Assignment: Once the line containing "O animal passeia" is found in the data below, repeat it and every later line exactly, leaving the pictures out.

Material for the task:
------------

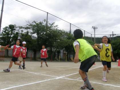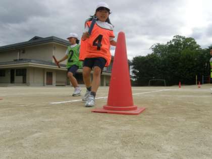 曇り空の運動場からにぎやかな歓声が聞こえてきます。2年生のおりかえしリレーが行われていました。走力の近い4人ひと組のチームが,走る順番やバトンパス,コーンの曲がり方などを工夫して勝敗を競います。喜んだり悔しがったり…。子どもたちの百面相が見られました。
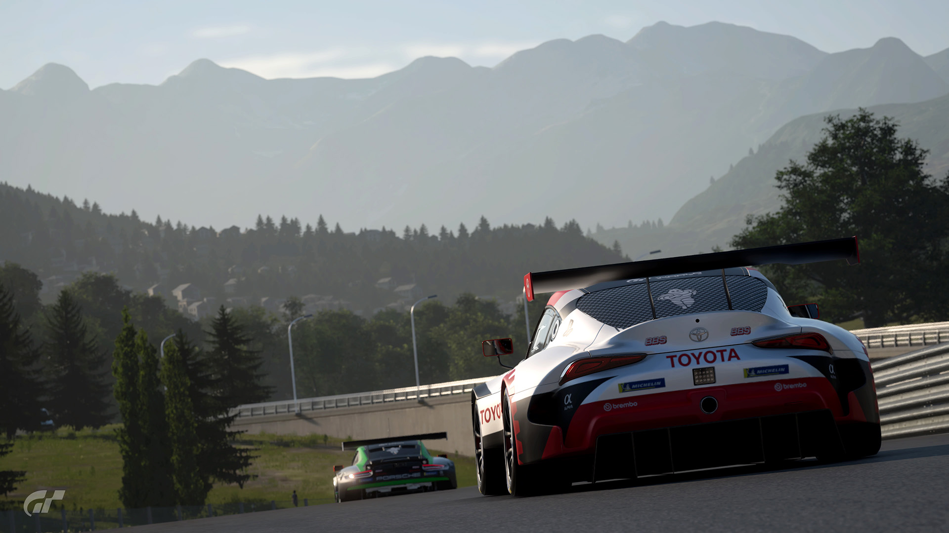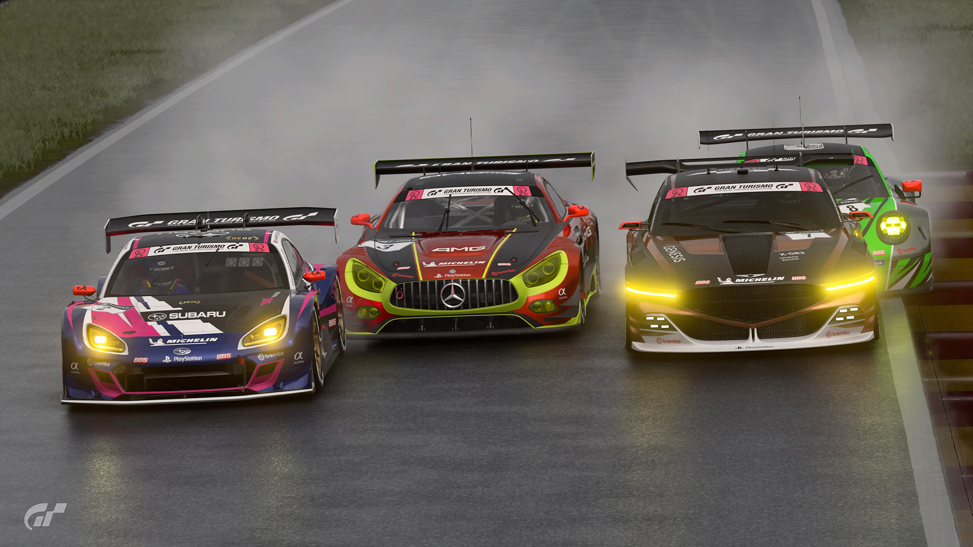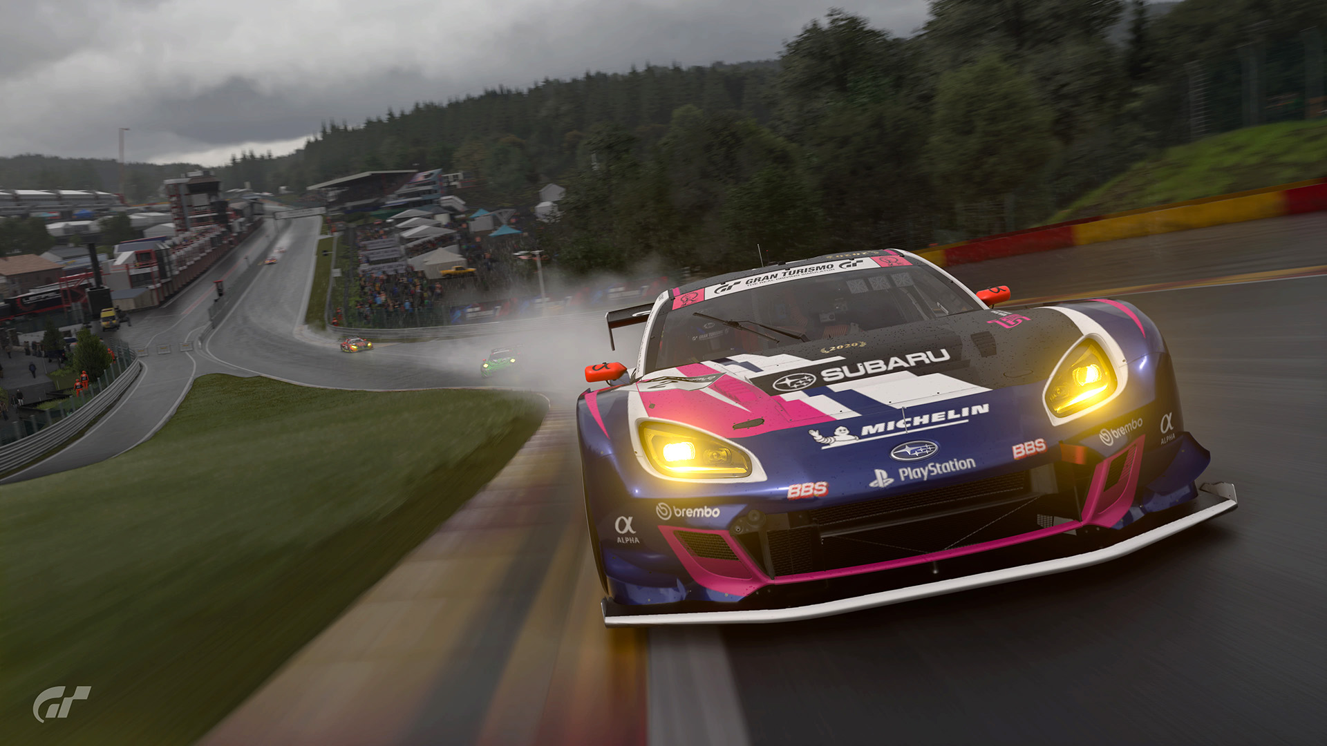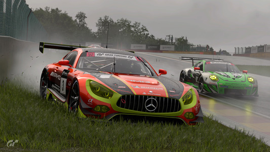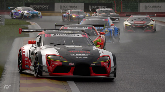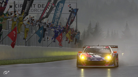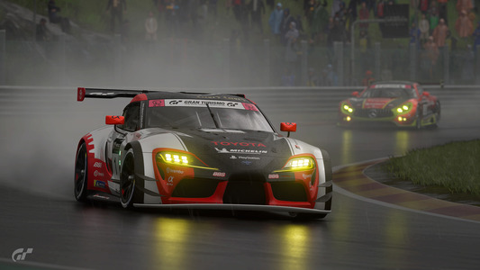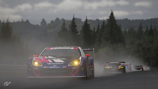 2ラップ目には早くもトヨタの作戦が裏目に出ました。予想していた激しい雨は降らず、フラガのトヨタ GRスープラは他のクルマに対して速度が低下。この時点で、ポルシェ 911 RSR (991)はトヨタに2.0秒ものリードを広げ、メルセデスAMGは3位を維持。メルセデス AMG GT3は3ラップ目にスープラを追い抜きます。ソリスがハンドルを握る5番手スタートのスバル BRZ GT300は、トヨタ GRスープラのすぐ後ろにつけ4位。そしてレ・コーム (第7、8、9コーナー) で果敢にトヨタを攻め、ついにスバルが3位に浮上します。
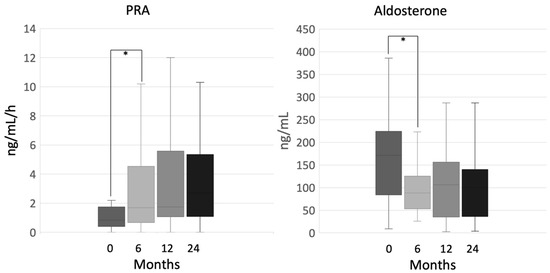 After six months, plasma renin activity (PRA) values were markedly increased (0.9 ng/mL/h (0.2–2.2) at baseline vs. 1.7 ng/mL/h (0.1–10.2) at 6 months, p = 0.003), and aldosterone significantly decreased (171 ng/mL (9–386) at baseline vs. 88 ng/mL (26–223) at 6 months, p = 0.004), while no statistically significant variation occurred at the following time-points (Figure 2).
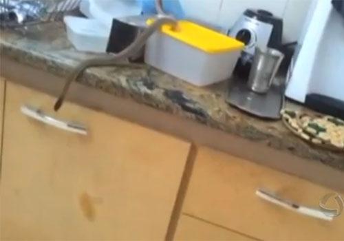 O animal passeia tranquilamente em cima da pia. Demonstrando que está tão à vontade, ela passa entre as vasilhas à procura de algo. O morador contou ter levado um susto ao se deparar com a cobra na cozinha da casa dele. Ele avalia que o animal deve ter saído de um lote abandonado ao lado da residência dele. Um vizinho chamou a equipe do Corpo de Bombeiros, que retirou a cobra do local.
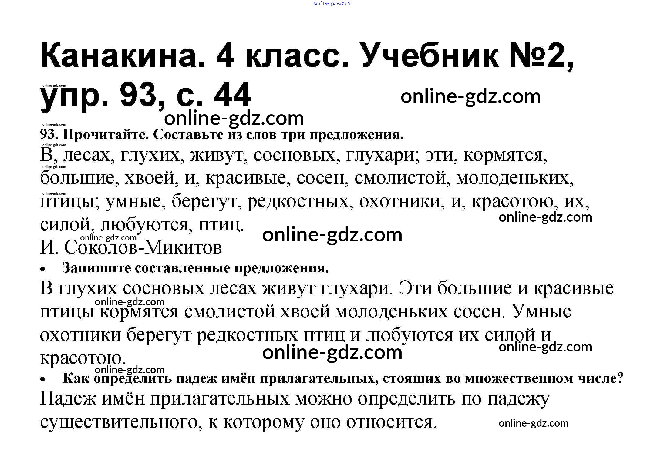 Готовые домашние задания по Русскому языку за 4 класс Учебник Канакина, Горецкий Школа России 2015 - Часть 2 93

------------

Exercise answer:
 O animal passeia tranquilamente em cima da pia. Demonstrando que está tão à vontade, ela passa entre as vasilhas à procura de algo. O morador contou ter levado um susto ao se deparar com a cobra na cozinha da casa dele. Ele avalia que o animal deve ter saído de um lote abandonado ao lado da residência dele. Um vizinho chamou a equipe do Corpo de Bombeiros, que retirou a cobra do local.
 Готовые домашние задания по Русскому языку за 4 класс Учебник Канакина, Горецкий Школа России 2015 - Часть 2 93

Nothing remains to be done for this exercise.